__Work request__.
All of the entries need to be printed again exactly; pictures are the only thing to omit.

__Source records__.
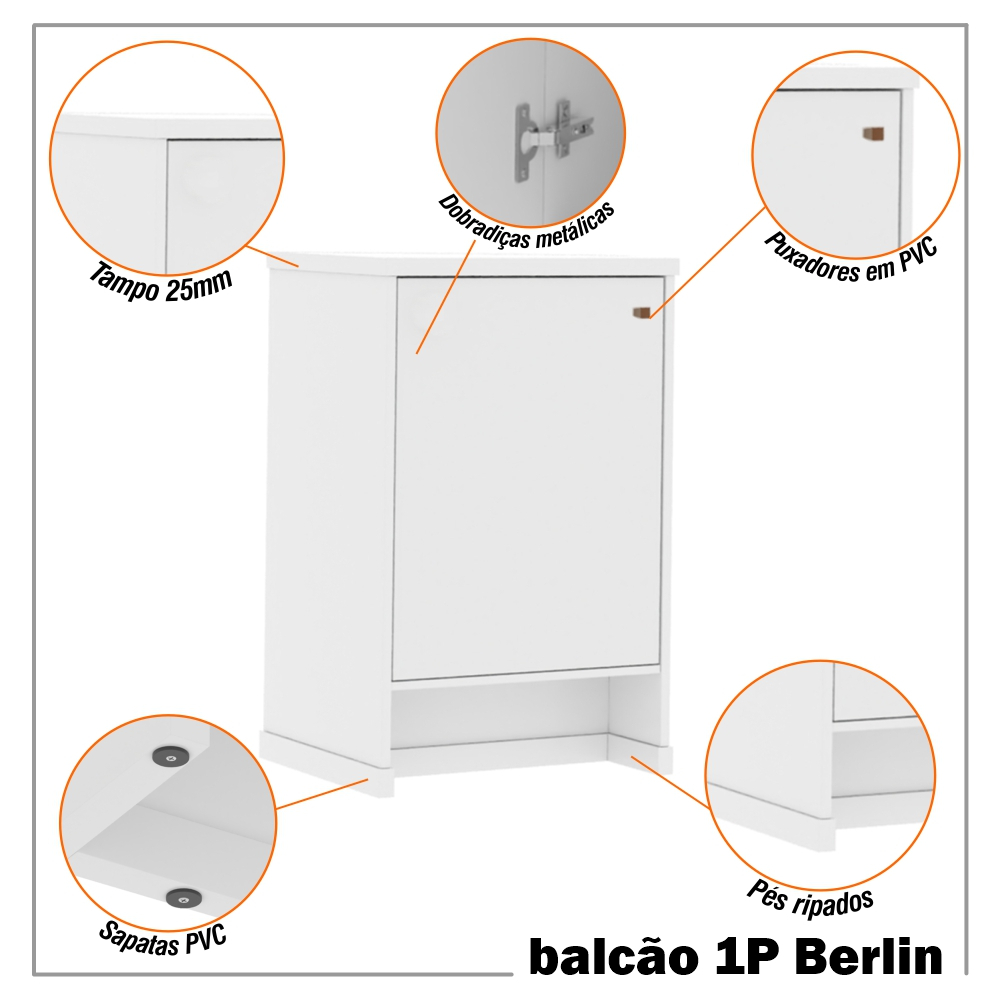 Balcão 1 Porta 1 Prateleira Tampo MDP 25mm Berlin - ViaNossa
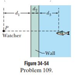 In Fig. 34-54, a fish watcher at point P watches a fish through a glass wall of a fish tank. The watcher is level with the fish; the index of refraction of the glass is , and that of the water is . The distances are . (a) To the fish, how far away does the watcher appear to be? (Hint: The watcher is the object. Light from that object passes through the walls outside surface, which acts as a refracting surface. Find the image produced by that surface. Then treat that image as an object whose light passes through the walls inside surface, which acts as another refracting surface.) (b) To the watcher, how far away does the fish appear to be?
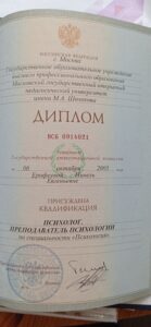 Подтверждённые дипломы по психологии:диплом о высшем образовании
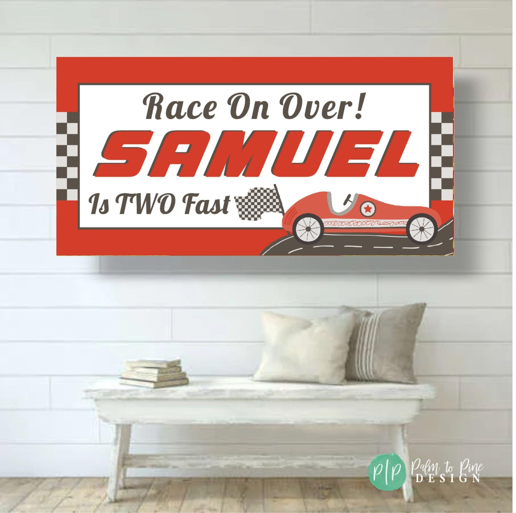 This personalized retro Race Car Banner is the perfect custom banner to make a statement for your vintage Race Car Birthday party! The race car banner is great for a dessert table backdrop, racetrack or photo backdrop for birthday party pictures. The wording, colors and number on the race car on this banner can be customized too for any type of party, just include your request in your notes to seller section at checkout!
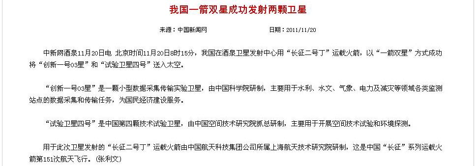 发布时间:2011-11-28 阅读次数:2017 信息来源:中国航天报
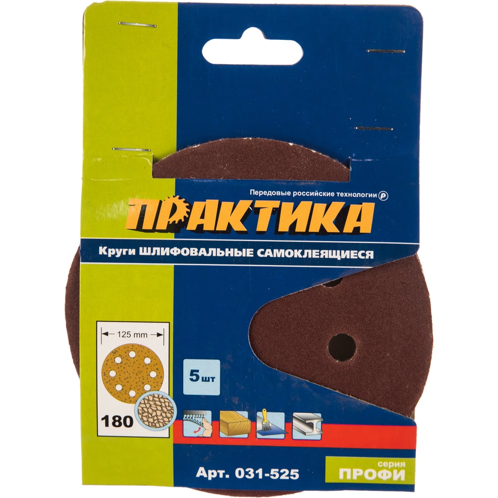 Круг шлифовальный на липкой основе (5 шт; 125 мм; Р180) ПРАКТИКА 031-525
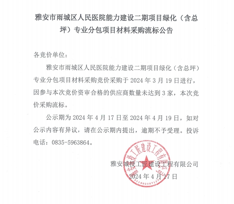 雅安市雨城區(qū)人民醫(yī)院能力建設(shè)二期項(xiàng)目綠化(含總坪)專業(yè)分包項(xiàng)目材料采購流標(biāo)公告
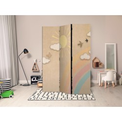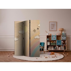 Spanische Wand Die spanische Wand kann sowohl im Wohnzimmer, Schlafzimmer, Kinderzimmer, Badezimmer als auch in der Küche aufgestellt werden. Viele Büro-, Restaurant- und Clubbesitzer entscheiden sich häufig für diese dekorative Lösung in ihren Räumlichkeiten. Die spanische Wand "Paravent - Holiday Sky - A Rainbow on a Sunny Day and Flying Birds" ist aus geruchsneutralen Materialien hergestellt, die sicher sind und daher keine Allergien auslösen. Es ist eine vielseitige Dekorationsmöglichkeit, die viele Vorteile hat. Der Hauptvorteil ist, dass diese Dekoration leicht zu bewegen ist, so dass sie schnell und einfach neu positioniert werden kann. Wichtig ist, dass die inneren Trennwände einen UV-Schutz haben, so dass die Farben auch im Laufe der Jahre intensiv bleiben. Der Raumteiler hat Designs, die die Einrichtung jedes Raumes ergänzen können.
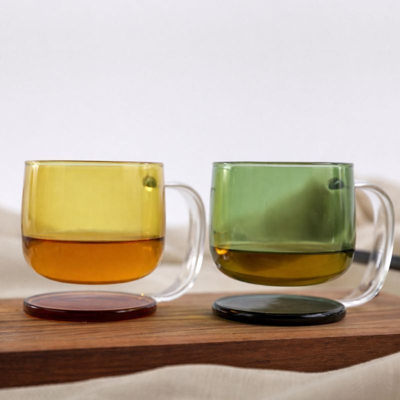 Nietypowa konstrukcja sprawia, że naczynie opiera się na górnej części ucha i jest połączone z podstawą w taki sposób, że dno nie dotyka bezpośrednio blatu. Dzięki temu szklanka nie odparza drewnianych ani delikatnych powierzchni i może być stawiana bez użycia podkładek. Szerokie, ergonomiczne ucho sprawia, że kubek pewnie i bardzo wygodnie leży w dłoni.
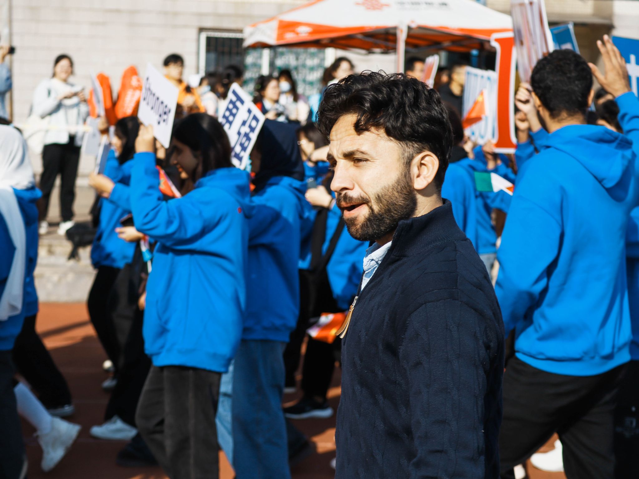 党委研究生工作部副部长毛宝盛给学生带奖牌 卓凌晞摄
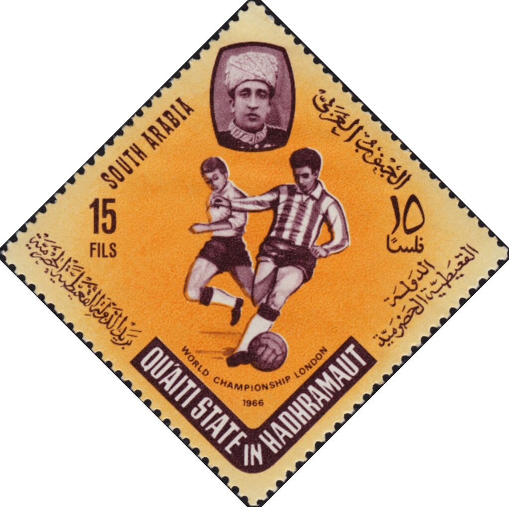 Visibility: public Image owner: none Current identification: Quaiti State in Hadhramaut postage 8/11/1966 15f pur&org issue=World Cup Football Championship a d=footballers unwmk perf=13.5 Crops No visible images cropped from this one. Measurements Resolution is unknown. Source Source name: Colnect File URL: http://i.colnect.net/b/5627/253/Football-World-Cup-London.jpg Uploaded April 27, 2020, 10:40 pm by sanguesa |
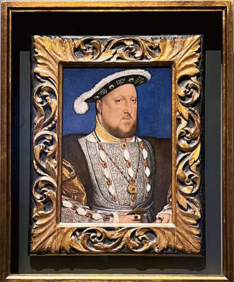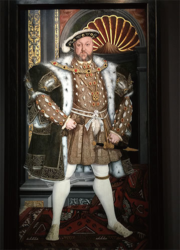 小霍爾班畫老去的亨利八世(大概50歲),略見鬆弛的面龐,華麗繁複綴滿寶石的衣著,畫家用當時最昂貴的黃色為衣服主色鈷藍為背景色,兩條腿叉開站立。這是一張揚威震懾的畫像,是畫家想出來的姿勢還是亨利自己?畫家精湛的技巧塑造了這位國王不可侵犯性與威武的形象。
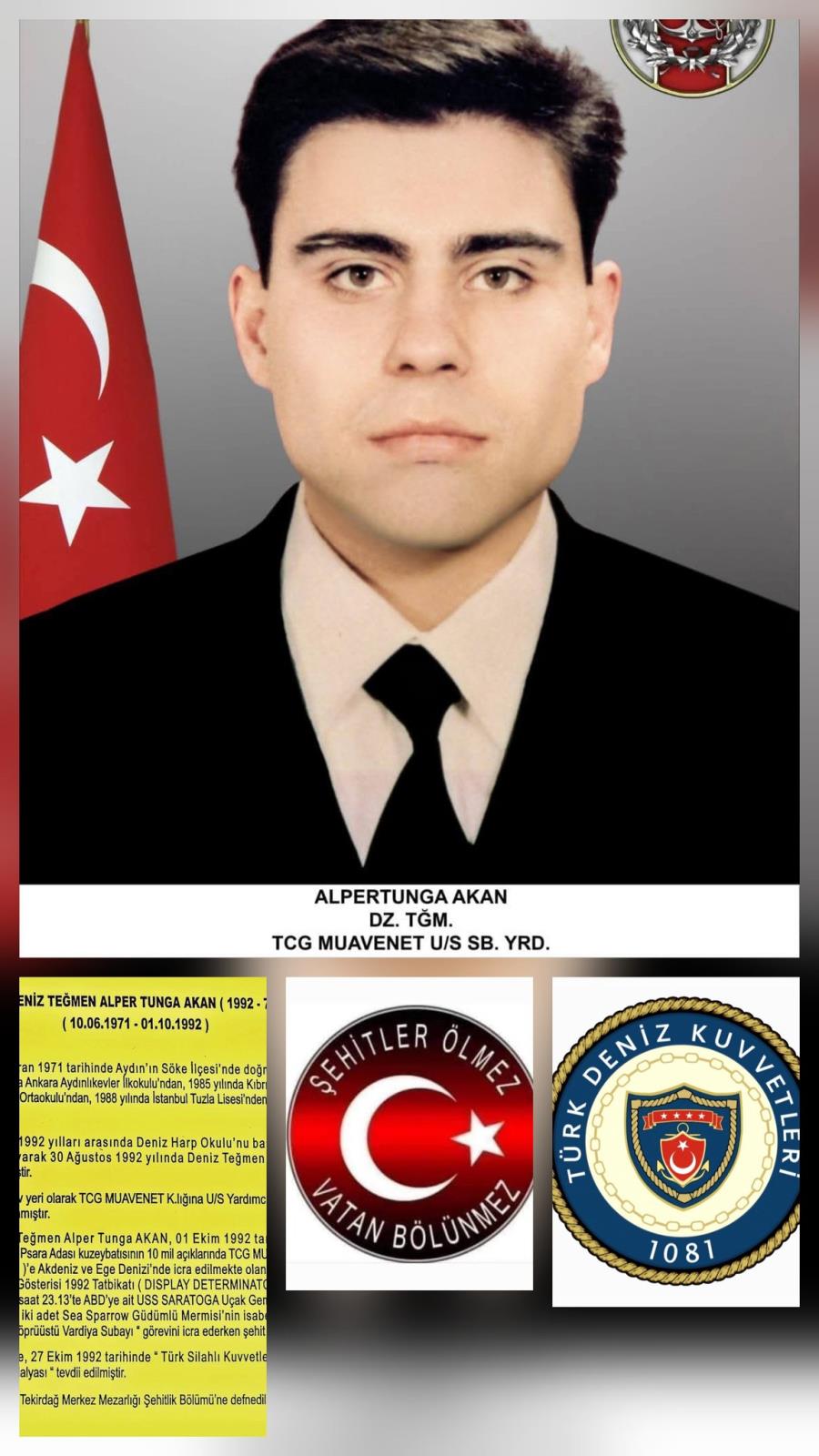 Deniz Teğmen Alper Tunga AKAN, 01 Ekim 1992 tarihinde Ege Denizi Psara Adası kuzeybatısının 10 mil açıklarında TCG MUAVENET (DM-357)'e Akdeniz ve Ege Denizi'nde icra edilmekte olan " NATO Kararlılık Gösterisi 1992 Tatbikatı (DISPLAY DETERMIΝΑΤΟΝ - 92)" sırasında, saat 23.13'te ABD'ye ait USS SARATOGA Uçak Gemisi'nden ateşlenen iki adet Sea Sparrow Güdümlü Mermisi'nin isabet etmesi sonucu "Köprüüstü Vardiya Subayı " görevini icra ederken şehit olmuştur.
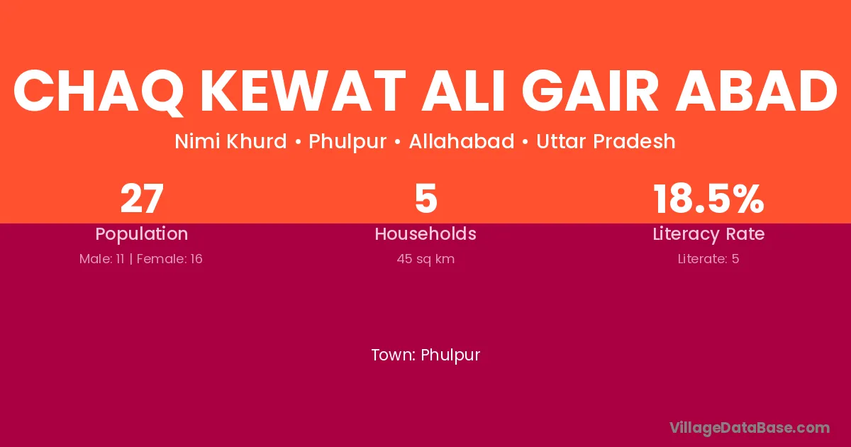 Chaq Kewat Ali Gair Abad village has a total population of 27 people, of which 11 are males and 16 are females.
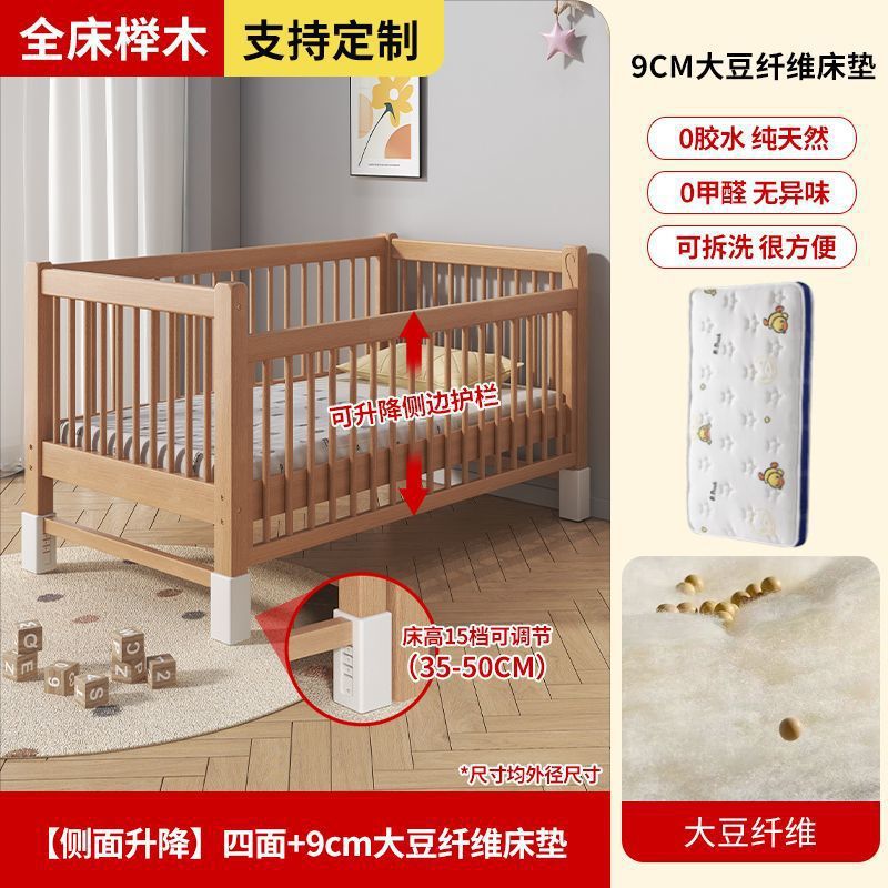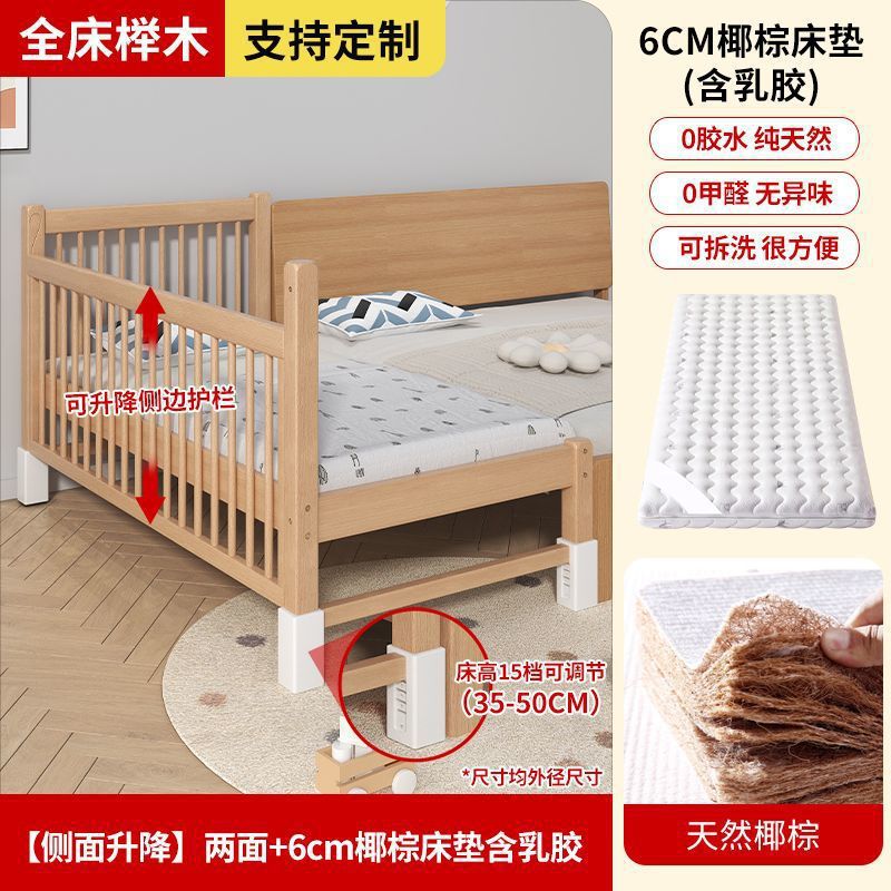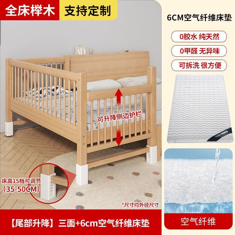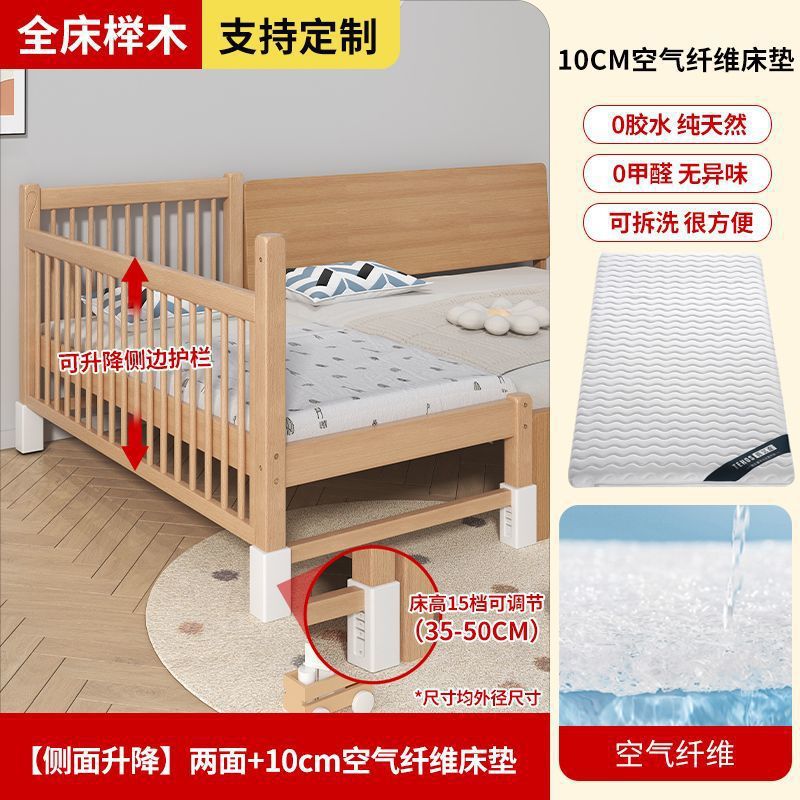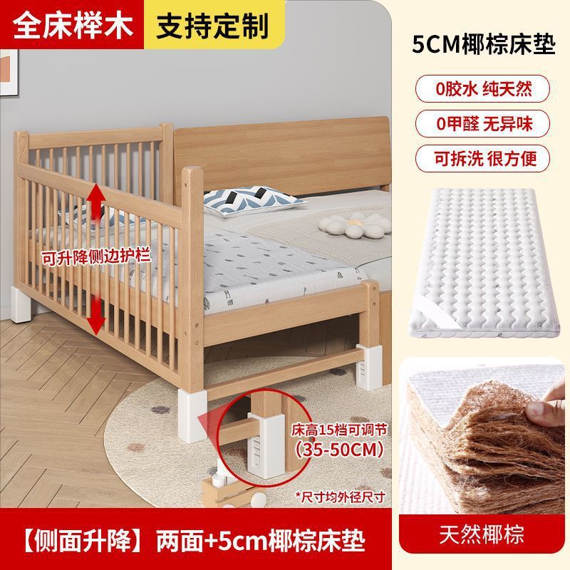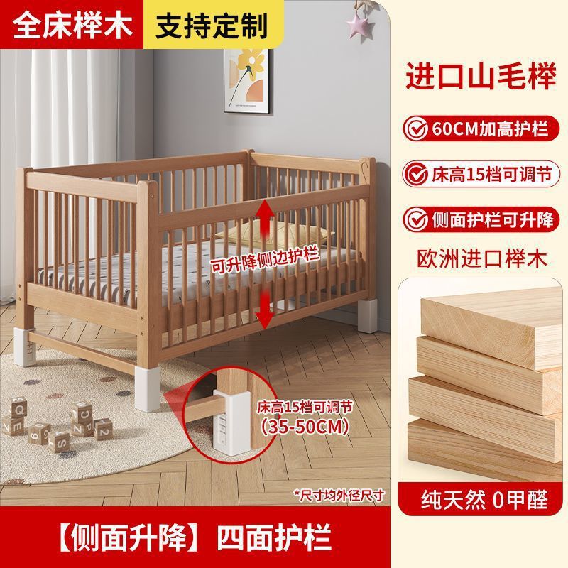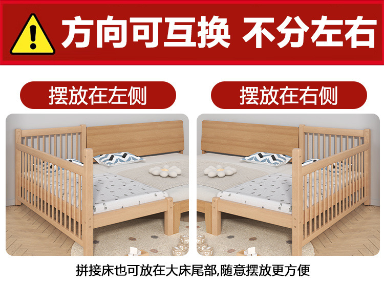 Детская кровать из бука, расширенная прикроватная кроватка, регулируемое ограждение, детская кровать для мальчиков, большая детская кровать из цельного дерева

__Answer to this problem__.
 Balcão 1 Porta 1 Prateleira Tampo MDP 25mm Berlin - ViaNossa
 In Fig. 34-54, a fish watcher at point P watches a fish through a glass wall of a fish tank. The watcher is level with the fish; the index of refraction of the glass is , and that of the water is . The distances are . (a) To the fish, how far away does the watcher appear to be? (Hint: The watcher is the object. Light from that object passes through the walls outside surface, which acts as a refracting surface. Find the image produced by that surface. Then treat that image as an object whose light passes through the walls inside surface, which acts as another refracting surface.) (b) To the watcher, how far away does the fish appear to be?
 Подтверждённые дипломы по психологии:диплом о высшем образовании
 This personalized retro Race Car Banner is the perfect custom banner to make a statement for your vintage Race Car Birthday party! The race car banner is great for a dessert table backdrop, racetrack or photo backdrop for birthday party pictures. The wording, colors and number on the race car on this banner can be customized too for any type of party, just include your request in your notes to seller section at checkout!
 发布时间:2011-11-28 阅读次数:2017 信息来源:中国航天报
 Круг шлифовальный на липкой основе (5 шт; 125 мм; Р180) ПРАКТИКА 031-525
 雅安市雨城區(qū)人民醫(yī)院能力建設(shè)二期項(xiàng)目綠化(含總坪)專業(yè)分包項(xiàng)目材料采購流標(biāo)公告
 Spanische Wand Die spanische Wand kann sowohl im Wohnzimmer, Schlafzimmer, Kinderzimmer, Badezimmer als auch in der Küche aufgestellt werden. Viele Büro-, Restaurant- und Clubbesitzer entscheiden sich häufig für diese dekorative Lösung in ihren Räumlichkeiten. Die spanische Wand "Paravent - Holiday Sky - A Rainbow on a Sunny Day and Flying Birds" ist aus geruchsneutralen Materialien hergestellt, die sicher sind und daher keine Allergien auslösen. Es ist eine vielseitige Dekorationsmöglichkeit, die viele Vorteile hat. Der Hauptvorteil ist, dass diese Dekoration leicht zu bewegen ist, so dass sie schnell und einfach neu positioniert werden kann. Wichtig ist, dass die inneren Trennwände einen UV-Schutz haben, so dass die Farben auch im Laufe der Jahre intensiv bleiben. Der Raumteiler hat Designs, die die Einrichtung jedes Raumes ergänzen können.
 Nietypowa konstrukcja sprawia, że naczynie opiera się na górnej części ucha i jest połączone z podstawą w taki sposób, że dno nie dotyka bezpośrednio blatu. Dzięki temu szklanka nie odparza drewnianych ani delikatnych powierzchni i może być stawiana bez użycia podkładek. Szerokie, ergonomiczne ucho sprawia, że kubek pewnie i bardzo wygodnie leży w dłoni.
 党委研究生工作部副部长毛宝盛给学生带奖牌 卓凌晞摄
 Visibility: public Image owner: none Current identification: Quaiti State in Hadhramaut postage 8/11/1966 15f pur&org issue=World Cup Football Championship a d=footballers unwmk perf=13.5 Crops No visible images cropped from this one. Measurements Resolution is unknown. Source Source name: Colnect File URL: http://i.colnect.net/b/5627/253/Football-World-Cup-London.jpg Uploaded April 27, 2020, 10:40 pm by sanguesa |
 小霍爾班畫老去的亨利八世(大概50歲),略見鬆弛的面龐,華麗繁複綴滿寶石的衣著,畫家用當時最昂貴的黃色為衣服主色鈷藍為背景色,兩條腿叉開站立。這是一張揚威震懾的畫像,是畫家想出來的姿勢還是亨利自己?畫家精湛的技巧塑造了這位國王不可侵犯性與威武的形象。
 Deniz Teğmen Alper Tunga AKAN, 01 Ekim 1992 tarihinde Ege Denizi Psara Adası kuzeybatısının 10 mil açıklarında TCG MUAVENET (DM-357)'e Akdeniz ve Ege Denizi'nde icra edilmekte olan " NATO Kararlılık Gösterisi 1992 Tatbikatı (DISPLAY DETERMIΝΑΤΟΝ - 92)" sırasında, saat 23.13'te ABD'ye ait USS SARATOGA Uçak Gemisi'nden ateşlenen iki adet Sea Sparrow Güdümlü Mermisi'nin isabet etmesi sonucu "Köprüüstü Vardiya Subayı " görevini icra ederken şehit olmuştur.
 Chaq Kewat Ali Gair Abad village has a total population of 27 people, of which 11 are males and 16 are females.
 Детская кровать из бука, расширенная прикроватная кроватка, регулируемое ограждение, детская кровать для мальчиков, большая детская кровать из цельного дерева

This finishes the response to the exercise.